3. Goodman, L.A. and Kruskall, W.H. (1954). Measures of association for cross-classification. JASA, 49, 732-764.
4. Yule, G.U. (1912). On the methods of measuring association between two attributes. Journal of the Royal Society, 75, 579-642.

I would use Fisher's Exact Test, even for large N. I wouldn't know why not. Any performance argument predates today's fast computers.

• I agree that computing resources allow to easily perform permutation and exact tests, or long runs of Monte Carlo simulations, but here is a paper (from Statistics in Medicine) where the authors argued against the systematic use of Fisher's exact test and rather recommended choosing the test according to the question that is posed: bit.ly/9qflht. – chl Sep 16 '10 at 12:20
• @chl: I don't have (free) access to the article. I'm very interested in the arguments. What can be more exact than Exact? – Michel de Ruiter Sep 19 '10 at 20:11
• Here is the electronic copy in case you want to read it (it's very instructive and includes a lot of references): j.mp/b2Wbpn. – chl Sep 19 '10 at 20:20
• Why not? Because Fisher's Exact Test it assumes that data generating process has both sets of marginal totals fixed but actually occurring processes seldom do. As Hadley points out, we need to know about that generating process. – conjugateprior Nov 3 '10 at 12:59
• Now that I think of it: agreed! – Michel de Ruiter Nov 8 '10 at 14:38

I must agree.. there is no single best analysis! not just in cross tabulations or analysis of categorical data but in any data analysis... and thank god for that! if there was just a single best way to address these analyses well many of us would not have a job to start with... not to mention the loss of the thrill of the hunt!

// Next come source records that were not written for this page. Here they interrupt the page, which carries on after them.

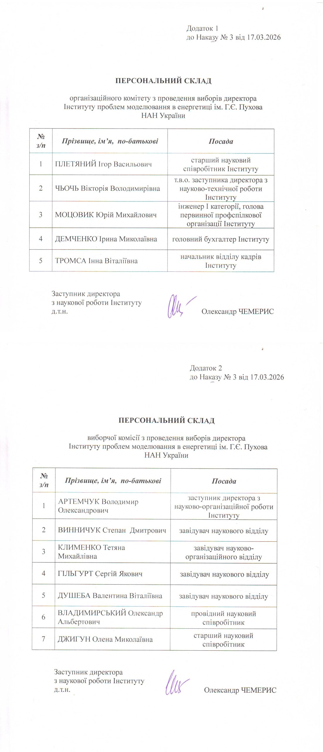 - Додатки до Наказу про організацію виборів директора Інституту проблем моделювання в енергетиці ім.Г.Є.Пухова НАН України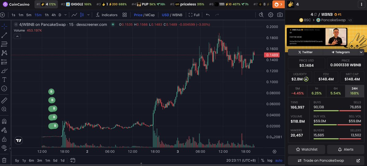 他两天前花费68 $BNB(6.87万美元)购买了63.07M $4,现在价值940万美元。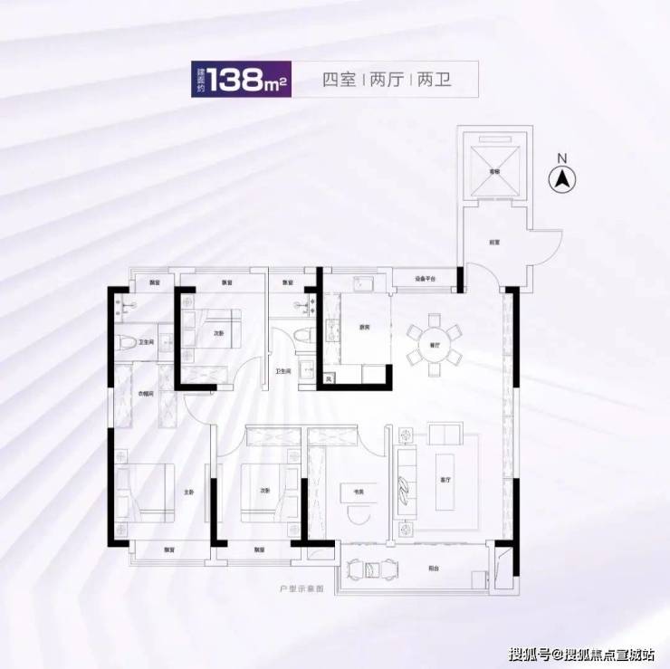方正格局:全明阔绰四室、约13.4M南向四开间,打造尊荣生活格局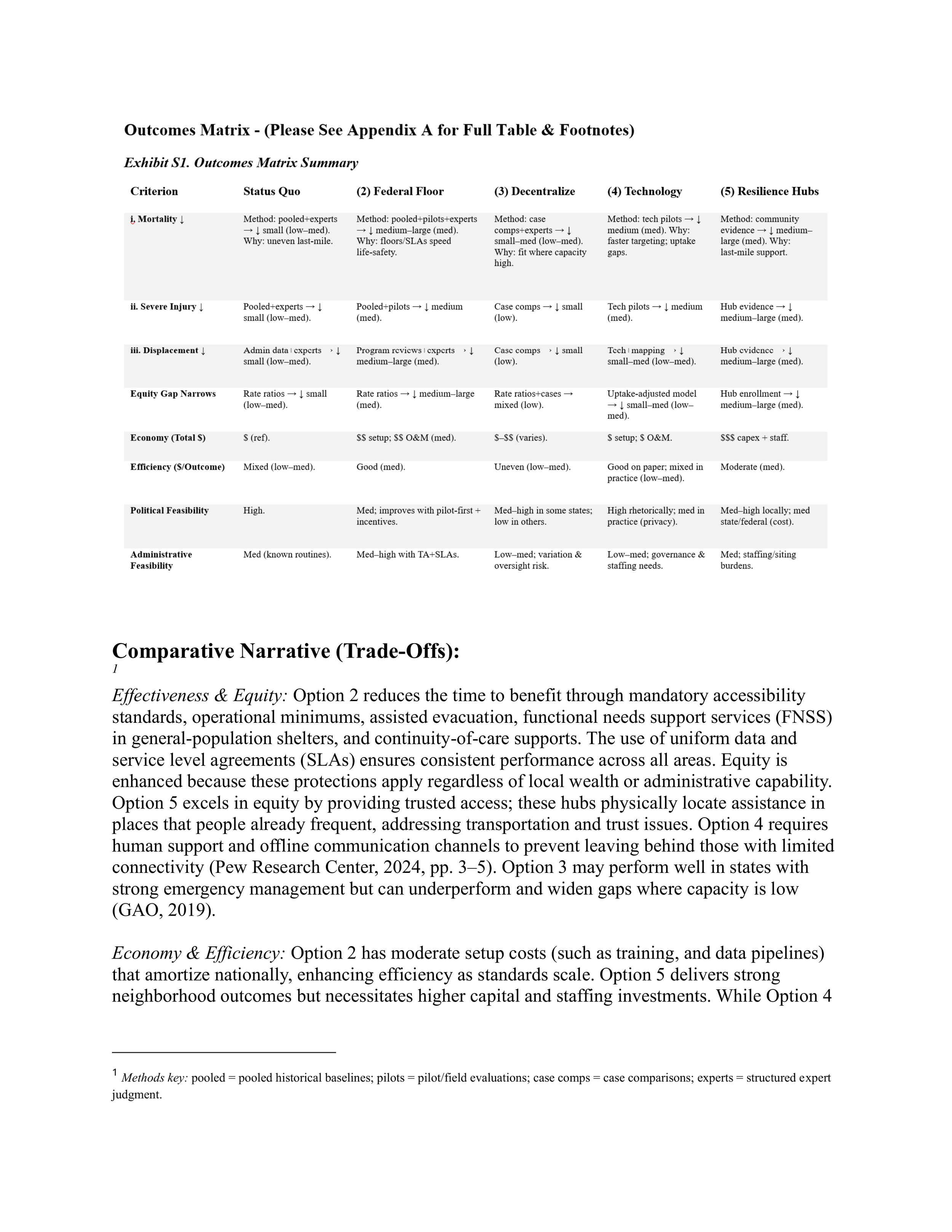 These options were compared using five core criteria: effectiveness, equity, economy, efficiency, and feasibility. The analysis also used logic models, outcomes-matrix reasoning, and implementation prompts to surface risks, assumptions, and likely trade-offs.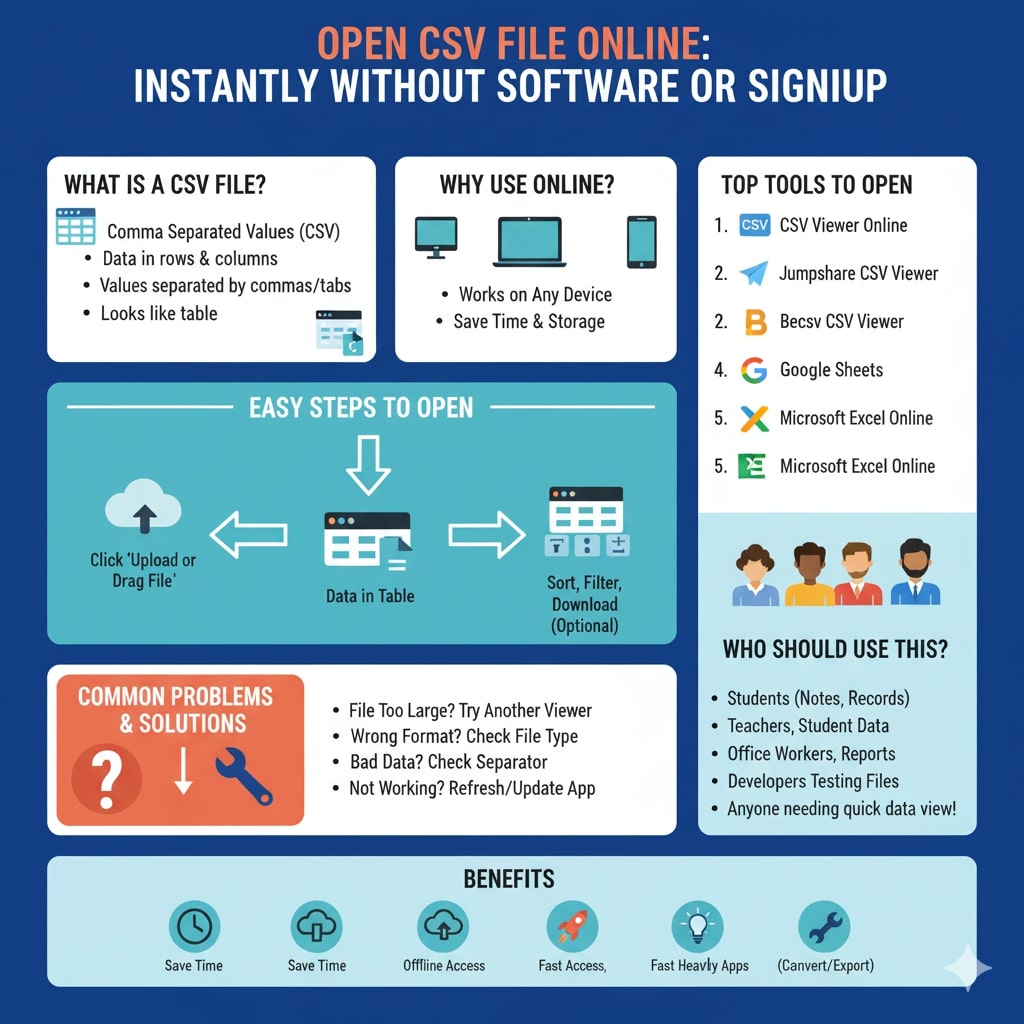 I think many people get confused when they see a CSV file. That is when I searched for ways to open CSV files online. You are going to learn how to do that in a simple way. If you are a student, a teacher or someone who works with data, you should know how to open CSV file online . We will explore tools, steps and solutions together. Let us begin and make this easy for everyone.

the joy of analysis is the unknown and the search for answers and evidence and how one question leads to another... that is what i love about statistics!

So back to the categorical data analysis... it really depends on what your doing. Are you looking to find how different variables affect each other as in drug tests for example we may look at treatment vs placebo crossed with disease and no disease... the question here is does treatment reduce disease.... chi square usually does well here (given a good sample size). Another context ihad today was looking at missing value trends... i was looking to find if missing values in one categorical variable relate to another... in some cases i knew the result should be missing and yet there were observations that had values... a completely different context to the drug test!